Provided data
● ● ● ●
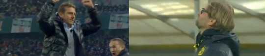 마르쿠스 바인지를 아우크스부르크 감독은 두 팔을 번쩍 치켜올렸다. 위르겐 클롭 도르트문트 감독은 하늘을 올려다봤다.
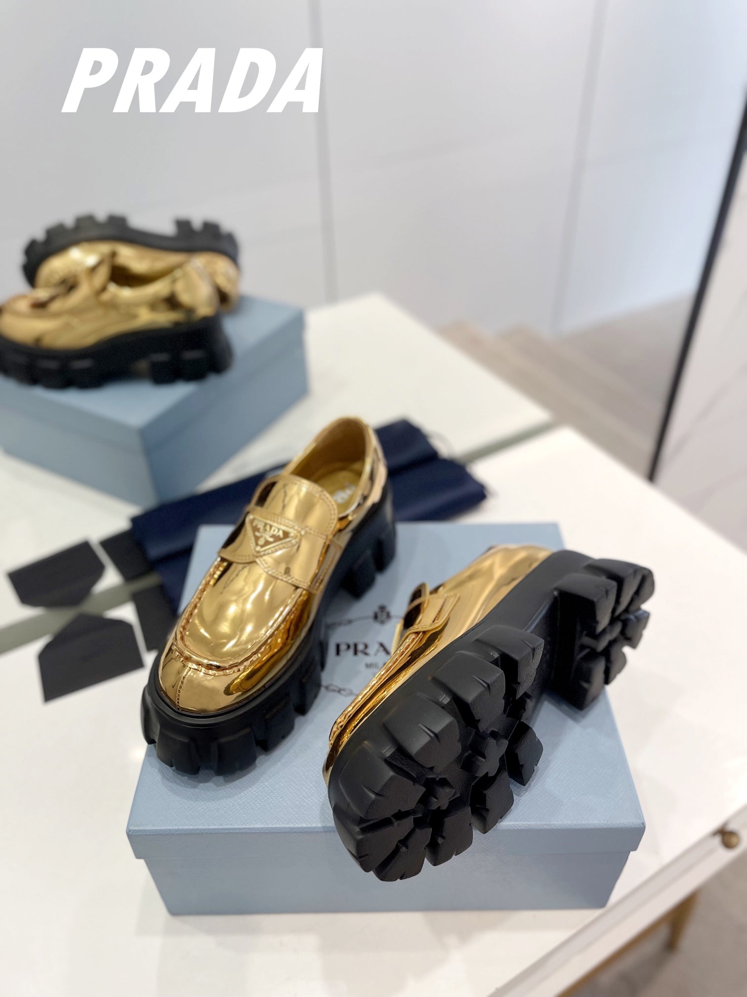 PRA BRUSHED LEATHER MONOLITH LOAFERS METALLIC GOLD
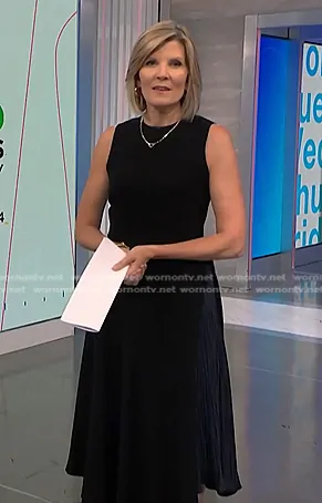 Kate Snow on NBC News Daily on NBC was spotted wearing this black pleated panel dress on NBC News Daily on Sep 25 2024's episode. Kate's Dress is the Mixed Panel Dress by Vince.
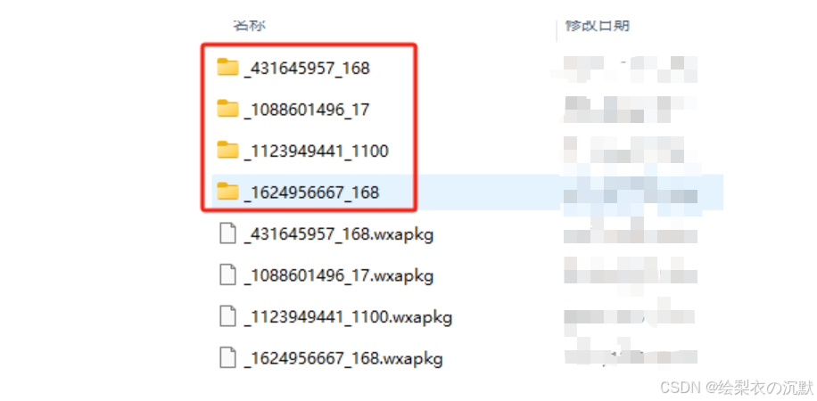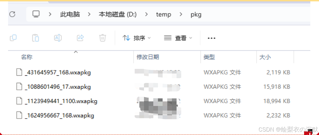 目录下存在很多wxapkg的文件就是小程序包,因为我们历史打开过很多小程序,所以无法准确找到我们需要的,需要先删除掉当前这些文件
● ● ● ●
Task details
Send back the listing exactly as it stands. Do not include the pictures.

Result of the exercise
 마르쿠스 바인지를 아우크스부르크 감독은 두 팔을 번쩍 치켜올렸다. 위르겐 클롭 도르트문트 감독은 하늘을 올려다봤다.
 PRA BRUSHED LEATHER MONOLITH LOAFERS METALLIC GOLD
 Kate Snow on NBC News Daily on NBC was spotted wearing this black pleated panel dress on NBC News Daily on Sep 25 2024's episode. Kate's Dress is the Mixed Panel Dress by Vince.
 目录下存在很多wxapkg的文件就是小程序包,因为我们历史打开过很多小程序,所以无法准确找到我们需要的,需要先删除掉当前这些文件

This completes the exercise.